- **WHAT YOU WILL DO**
Would you return the lines that run from the start of the data below to the line with "Narcissus Jack Snipe", both included, exactly as written and without pictures?

[Data excerpts]
* * * * * * *

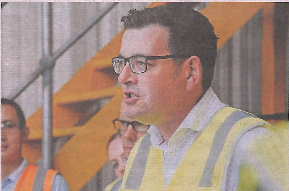
Premier Daniel Andrews speaks at Bombardier.
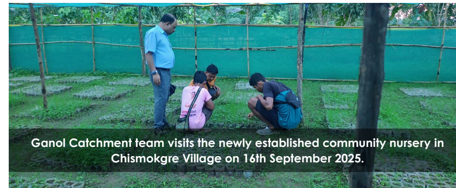
Ganol Catchment team visits the newly established community nursery in Chismokgre Village on 16th September 2025.

On 8th September 2025, training was conducted for Executive Committee members from five villages at Kyrdemkhla, Umiew Catchments.
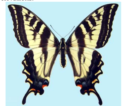
Pale Swallowtail ( Papilio eurymedon) Female pictured.
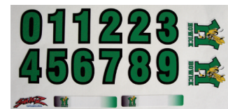
PLAYER STICKER PACKAGE (SHEET) $9.00
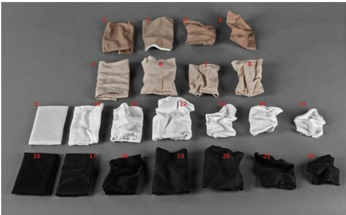
Figure 2 samples, from geometric to organic

The industrial designer had the sole responsibility for the ‘aesthetic laboration’ (Atkinson 2006), to generate a concrete instantiation in the space described. Her work included participation in workshops on the topic ‘design naturally’ led Professor Cheryl Akner Koler and the industrial
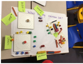
Active geography in Year 1 making plans of their classroom
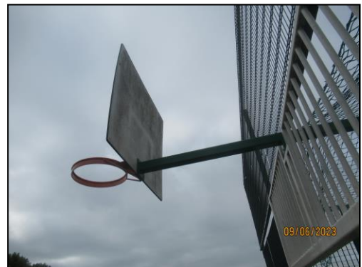
(Missing basketball back board frame)
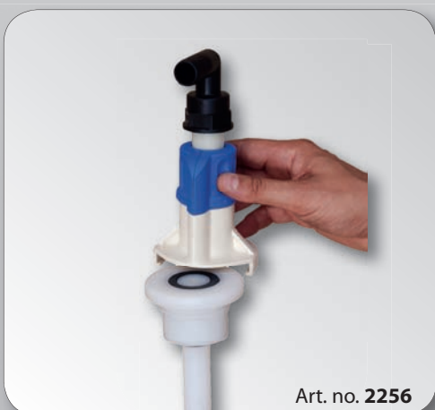
Art. no. 2256

Suction kit for AdBlue® drums and tanks, composed of plastic suction tube (in HDPE) with plug head BCS 56x4 and foot valve, and SEC/CDS - suction coupling with 90° - elbow hose tail ø 20 mm for hose connection.
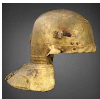
A ROMAN SHEET BRASS HELMET OF WEISENAU TYPE FLAVIAN TO TRAJANIC PERIOD, CIRCA 69- 117 A.D. Price realized: $315,000
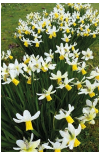
Narcissus Jack Snipe

TWINKLING YELLOW (13) A much improved selection of this well known species. Up to 6 strongly scented golden flowers per stem. Full sun. Picture page 20 12" April 5=£5.00; 15=£14.30
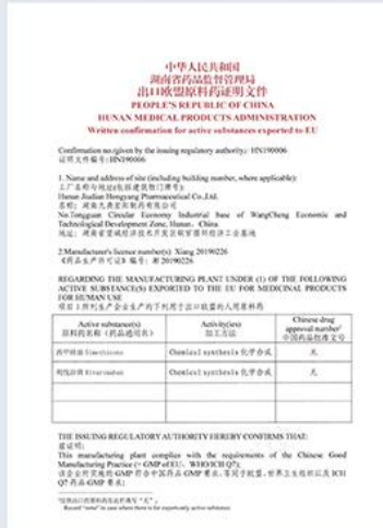
EU Written Confirmation
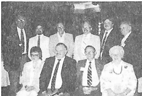
Congratulations to the new Midwest District officers.
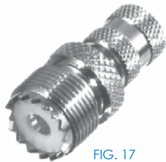
FIG. 17 RFU-621
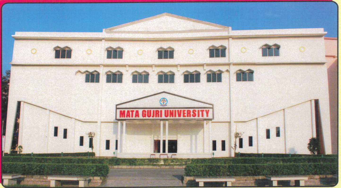
BABA FARID LECTURE THEATRES CUM CENTRAL EXAMINATION HALL
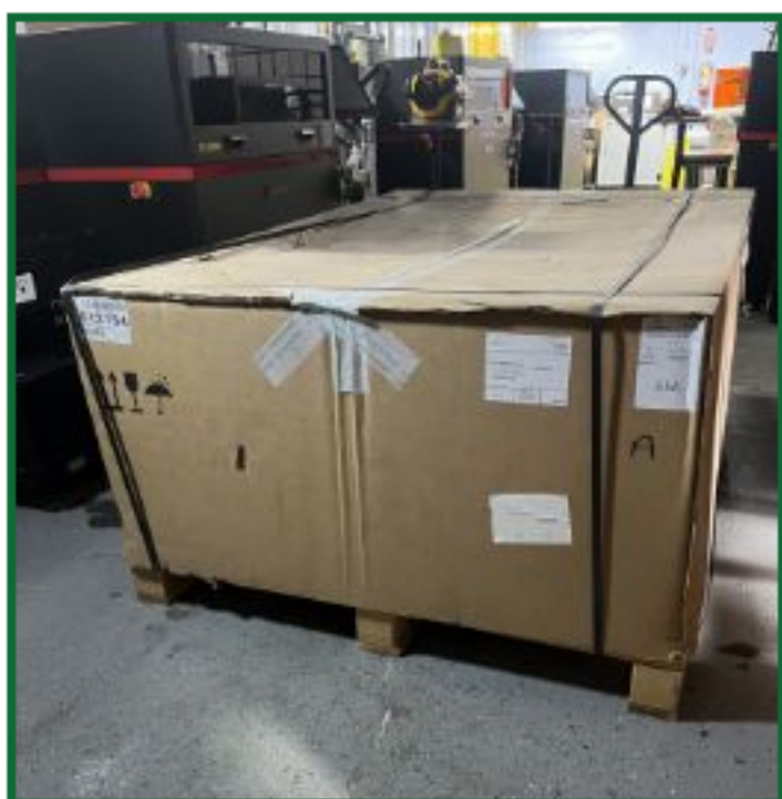
Gravograph LS1000XP 150-watt CO2 laser cutter system With Chiller
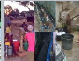
Water Supply & Sanitation:

The course deals with the four core methodologies involved in emergency preparedness and response: Emergency Contingency Planning, Emergency Operation Planning, Incident Action Planning and Demobilization Planning covering the before, during and after phases of emergency planning and management. The course emphasizes the importance of political, inter-agency and multi-jurisdictional issues as well as incident stress.
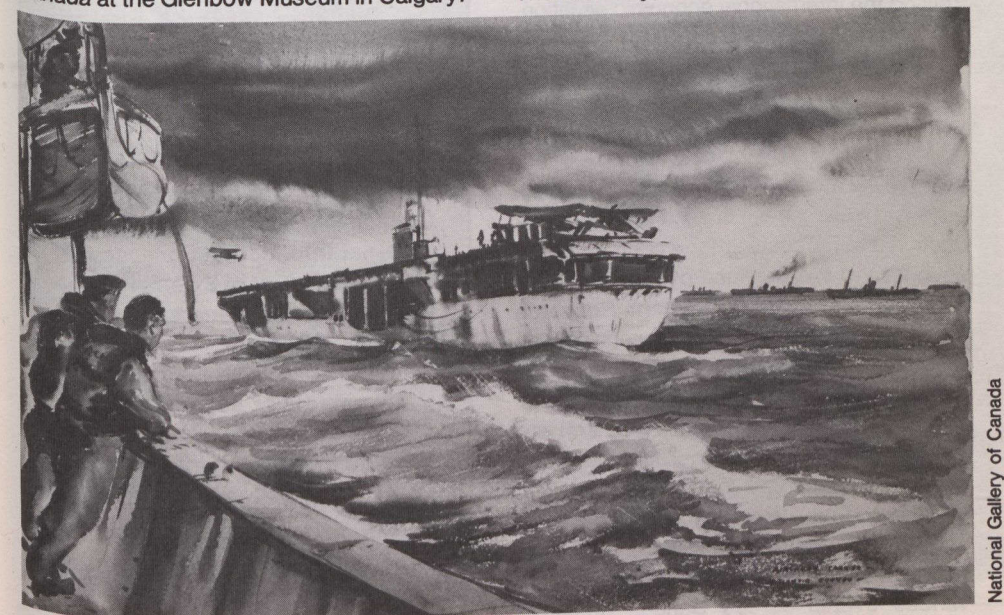
The above watercolour, Aircraft Carrier, Atlantic Convoy by Frank Leonard Brooks, is one of the 50 works selected for the naval exhibit by the Canadian War Museum.

The exhibition reflects naval development and changes in Canada, in 50 works selected by the Canadian War Museum from Canada's collection of more than 7 800 war paintings and sculptures. Recently on view in Moncton, New Brunswick, the exhibition will also travel to Montreal, Quebec, and Thunder Bay, Ontario.
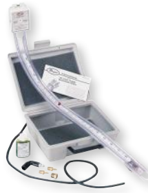
1212 gas pressure kit
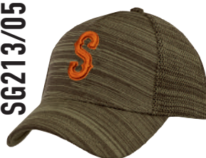
KNIT CAP SG213/055
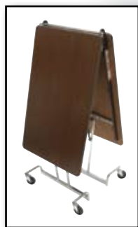
This is a short description of the above image.
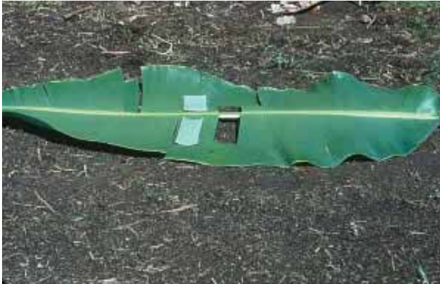
Leaf lamina sample to be analyzed for nutrient content in a crop-logging program
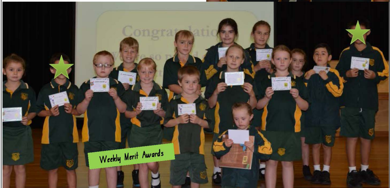
Weekly Merit Awards
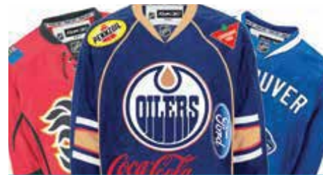
GAME JERSEY LOGOS
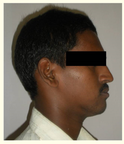
Figure 15: Post-operative photograph of patient (right side profile).

* * * * * * *

- **ANSWER SECTION**
Premier Daniel Andrews speaks at Bombardier.
Ganol Catchment team visits the newly established community nursery in Chismokgre Village on 16th September 2025.

On 8th September 2025, training was conducted for Executive Committee members from five villages at Kyrdemkhla, Umiew Catchments.
Pale Swallowtail ( Papilio eurymedon) Female pictured.
PLAYER STICKER PACKAGE (SHEET) $9.00
Figure 2 samples, from geometric to organic

The industrial designer had the sole responsibility for the ‘aesthetic laboration’ (Atkinson 2006), to generate a concrete instantiation in the space described. Her work included participation in workshops on the topic ‘design naturally’ led Professor Cheryl Akner Koler and the industrial
Active geography in Year 1 making plans of their classroom
(Missing basketball back board frame)
Art. no. 2256

Suction kit for AdBlue® drums and tanks, composed of plastic suction tube (in HDPE) with plug head BCS 56x4 and foot valve, and SEC/CDS - suction coupling with 90° - elbow hose tail ø 20 mm for hose connection.
A ROMAN SHEET BRASS HELMET OF WEISENAU TYPE FLAVIAN TO TRAJANIC PERIOD, CIRCA 69- 117 A.D. Price realized: $315,000
Narcissus Jack Snipe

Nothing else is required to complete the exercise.